Peu de Québécois comprennent les réalités de la profession infirmière. Cela est normal, car nous sommes très occupées à soigner et peu portées à faire de la politique ou à faire entendre notre voix.

Un peu défaitistes aussi : tellement habituées à voir tous les projecteurs tournés vers les autres professions, peu enclines à mettre de l’avant que notre rôle et nos compétences ont complètement changé depuis l’époque des religieuses. Nous ne devons pas nous plaindre de ne pas être considérées à notre juste valeur si nous nous taisons sur notre réalité.

Après un (trop) court diplôme d’études collégiales (DEC), il est possible de passer l’examen de l’Ordre des infirmières et infirmiers du Québec (OIIQ) et de devenir infirmière (bonne chance !). Il y a 20 ans, une technique était suffisante pour débuter dans la profession, et les techniciennes actuelles devraient se voir reconnaître dans toute l’étendue de leurs connaissances et de leurs compétences avec des « clauses grand-père ».

Par contre, pour les prochaines cohortes, le baccalauréat devrait être vu comme le minimum pour accéder à la profession. La médecine et les soins infirmiers se sont considérablement complexifiés dans les dernières décennies.

Lors du DEC, nous apprenons un peu de tout, nous survolons les différentes spécialités : médecine, chirurgie, obstétrique, pédiatrie, gériatrie, etc. C’est un véritable « saupoudrage » et poursuivre ensuite au baccalauréat permet d’approfondir un peu plus les connaissances, sans faire de nous des spécialistes pour autant. Nous exerçons notre profession ensuite dans un domaine particulier et nous nous « spécialisons » ainsi sur le terrain.

Cela prend en moyenne deux ans pour se sentir à l’aise dans un domaine particulier et cinq ans pour être en plein contrôle de notre rôle dans un milieu de soins ou un département donné. Les médecins, eux, se spécialisent à l’école et on ne demanderait jamais à un gériatre d’aller faire de l’obstétrique. C’est pourtant ce que l’on demande aux infirmières, d’être compétentes dans tous les secteurs et spécialités et d’être « mobiles ». Ce n’est pas réaliste, ce n’est pas sécuritaire, ce n’est pas une bonne idée.

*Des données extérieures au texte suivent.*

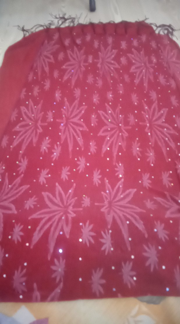 Pembe renkli, sentetik kumaştan yapılmış, payetli ve çiçek desenli kadın fularıdır. hiç kullanılmamış✨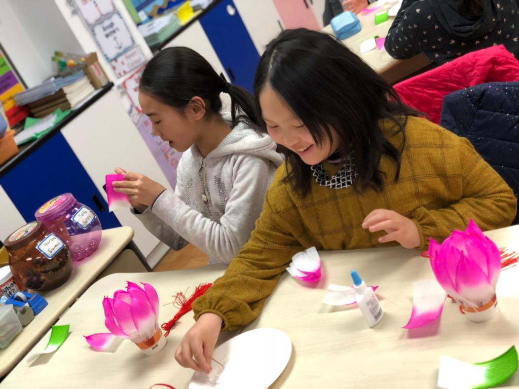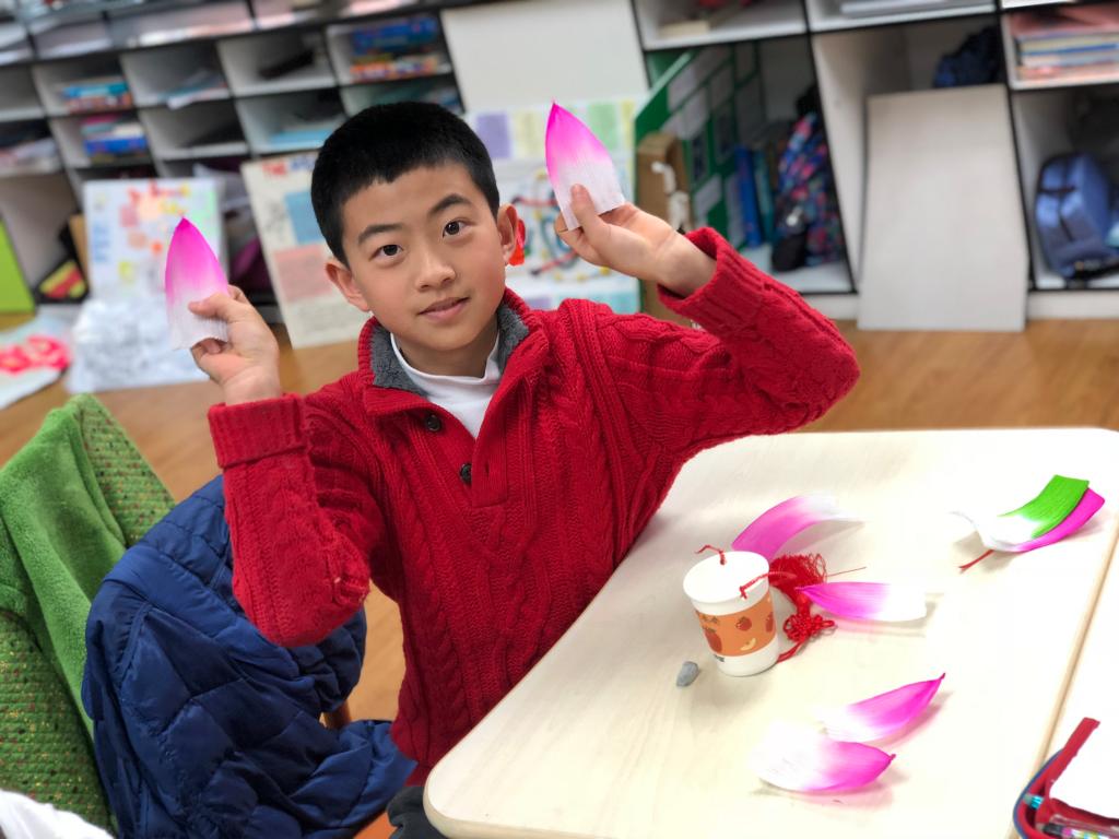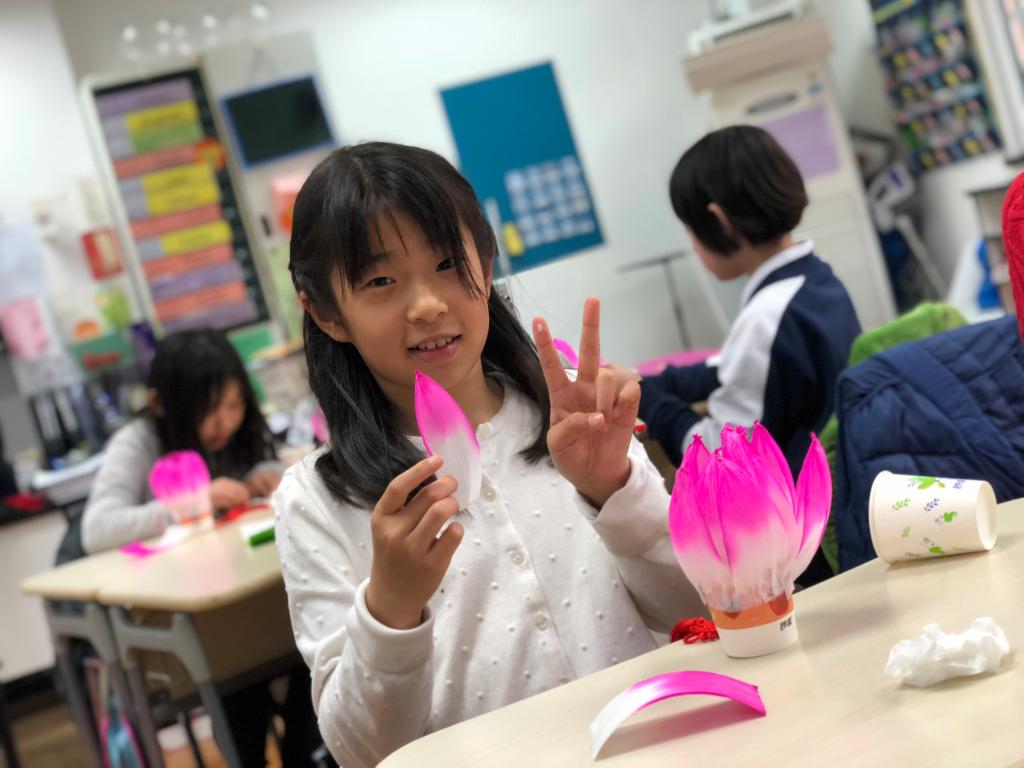 During the CAS class on March 28th, the 4th graders of SHSID Pudong campus made elegant and meaningful Lotus Lanterns with the help of their teachers. In their recent Geography classes, the grade 4 students have been learning about East Asian culture. After learning the fact that the lotus is not only the national flower of India and Vietnam, but also the symbol of Hinduism and Buddhism, the students couldn’t wait to make lotus lanterns with their teachers. With guidance from the homeroom teachers of grade 4, the kids made their lanterns step by step and helped each other with the difficult parts. Finally, they displayed their “art work” with satisfaction. Not only did the students have great fun during the activity, but also reviewed what they learned in Geography class. What a meaningful day!

Je le répète, peu de Québécois comprennent les réalités de la profession infirmière. Peu de politiciens aussi. On entend les politiciens dire qu’« une infirmière, c’est une infirmière » et qu’« elles doivent être envoyées là où il y a le plus de besoins ».

Je vais donc tenter une comparaison qui frappera peut-être l’imaginaire de certains politiciens : envoyer une infirmière contre son gré dans un département où elle n’est pas spécialisée, c’est comme envoyer Wayne Gretzky gardien de but. Un joueur de hockey, c’est un joueur de hockey ! Apparemment non, un centre et un défenseur, c’est très différent, même un ailier gauche et un ailier droit, ce n’est pas la même chose, paraît-il. Est-ce que Wayne Gretzy serait capable d’arrêter quelques rondelles ? Probablement. Mais c’est Patrick Roy qu’on veut devant les buts.